Intestinibaculum porci

Scientific classification
- Domain: Bacteria
- Kingdom: Bacillati
- Phylum: Bacillota
- Class: Erysipelotrichia
- Order: Erysipelotrichales
- Family: Erysipelotrichaceae
- Genus: Intestinibaculum
- Species: I. porci
- Binomial name: Intestinibaculum porci Kim et al., 2020
- Type strain: SG0102^{T} (= KCTC 15725^{T}, NBRC 113396^{T})

= Intestinibaculum porci =

- Genus: Intestinibaculum
- Species: porci
- Authority: Kim et al., 2020

Species of bacterium

Intestinibaculum porci is a species of strictly anaerobic, Gram-positive bacteria in the genus Intestinibaculum, within the family Erysipelotrichaceae. It was first isolated from the small intestine of a pig in South Korea and formally described in 2019.

== Taxonomy and nomenclature ==
Intestinibaculum porci was proposed as the type species of the novel genus Intestinibaculum based on phylogenetic analysis of the 16S rRNA gene, which showed it to be distinct from other members of Erysipelotrichaceae. The genus name refers to its intestinal origin ("intestini") and rod shape ("baculum"). The species name "porci" reflects its swine origin.
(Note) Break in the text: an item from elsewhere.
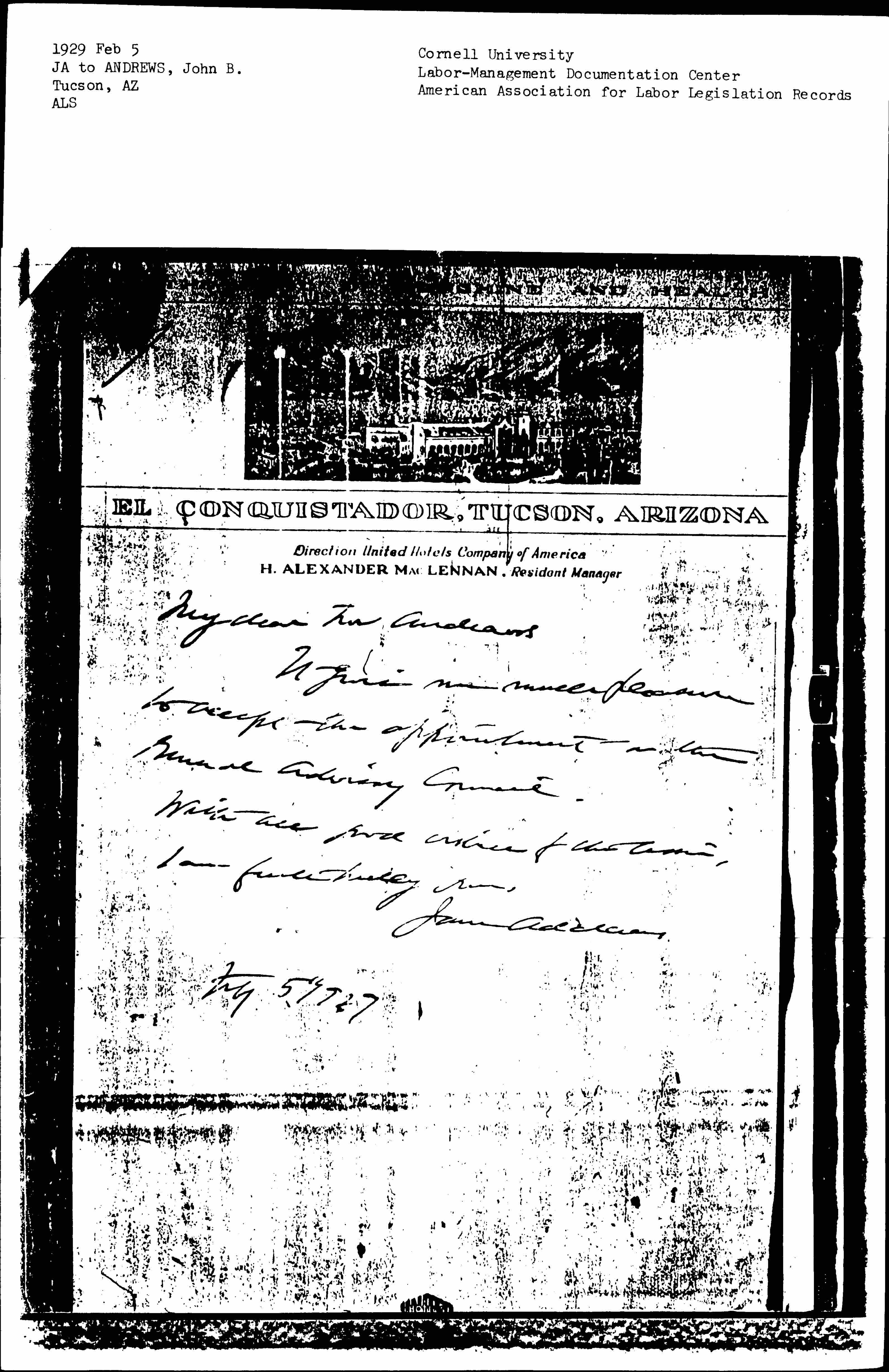 Jane Addams to John Bertram Andrews, February 5, 1929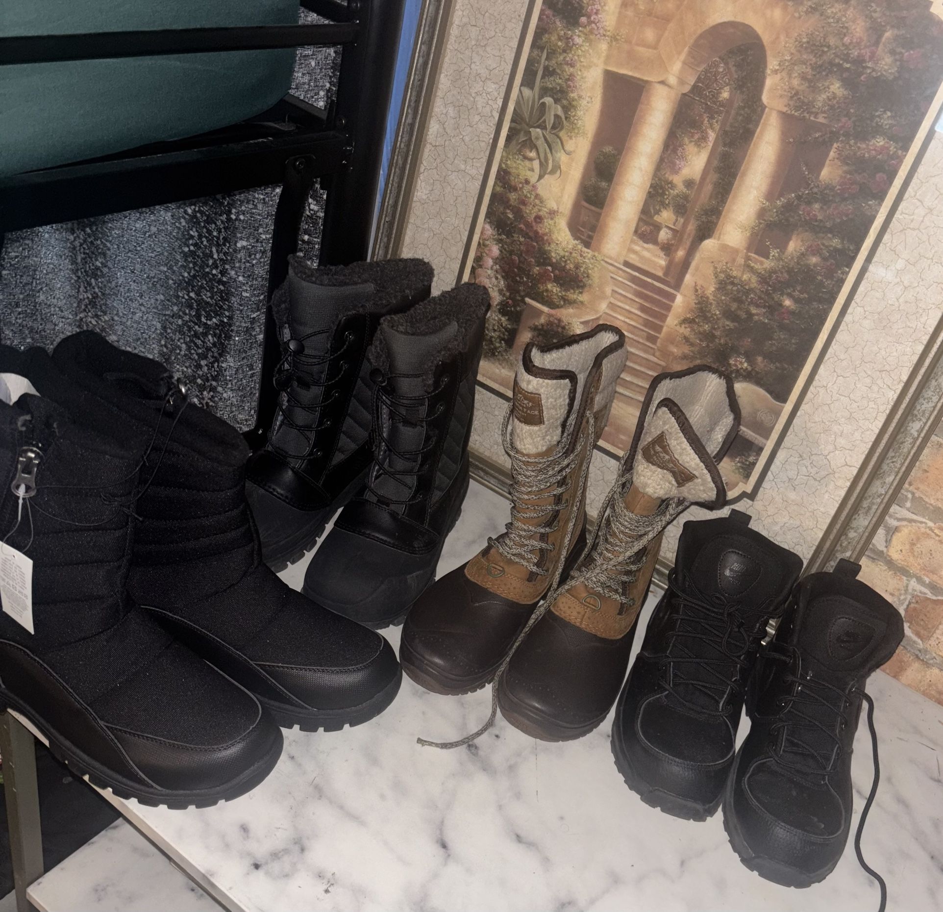 4 pairs of winter boots. Insulated, rugged soles, good condition. Great for snow, work, or resale. Selling as a bundle. Cash Pickup in Cicero area

== Morphology and physiology ==
Intestinibaculum porci is rod-shaped, non-motile, catalase-negative, and stains Gram-positive. It is strictly anaerobic and grows optimally at 37 °C and pH 7.0. The bacterium tolerates up to 3% NaCl. The DNA G+C content of the type strain is approximately 39.5 mol%. Major fatty acids include C_{16:0}, C_{16:0} DMA, and C_{18:2} ω9,12c. The peptidoglycan contains meso-diaminopimelic acid. The main end product of fermentation is lactic acid.